Pivotal Battery Discovery Could Impact Transportation and the Grid

The original Argonne National Laboratory press release by Joseph E. Harmon can be read here.

Battery-powered vehicles have made a significant dent in the transportation market. But that market still needs lower cost batteries that can power vehicles for greater ranges. Also desirable are low-cost batteries able to store on the grid the intermittent clean energy from solar and wind technologies and power hundreds of thousands of homes.

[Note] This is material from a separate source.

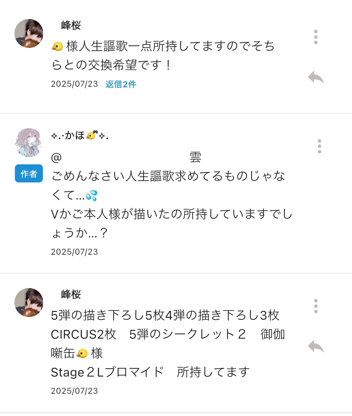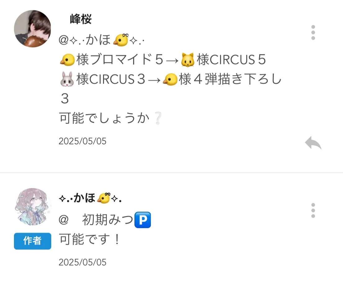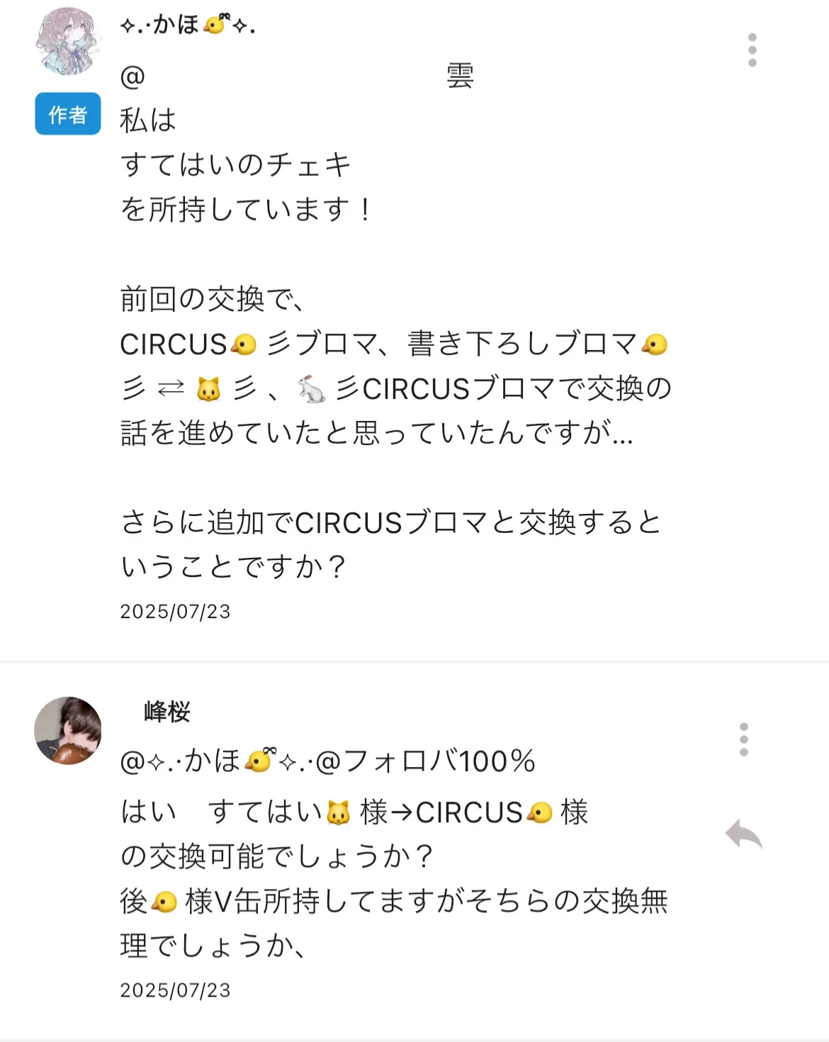 🐱様 CIRCUSブロマ 5 ⇄ 🐤様 CIRCUSブロマイド5

To meet those needs, researchers around the world are racing to develop batteries beyond the current standard of lithium-ion materials. One of the more promising candidates is the sodium-ion battery. It is particularly attractive because of the greater abundance and lower cost of sodium compared with lithium. What’s more, when cycled at high voltage (4.5 volts), a sodium-ion battery can greatly increase the amount of energy that can be stored in a given weight or volume. However, its fairly rapid performance decline with charge-discharge cycling has stymied commercialization.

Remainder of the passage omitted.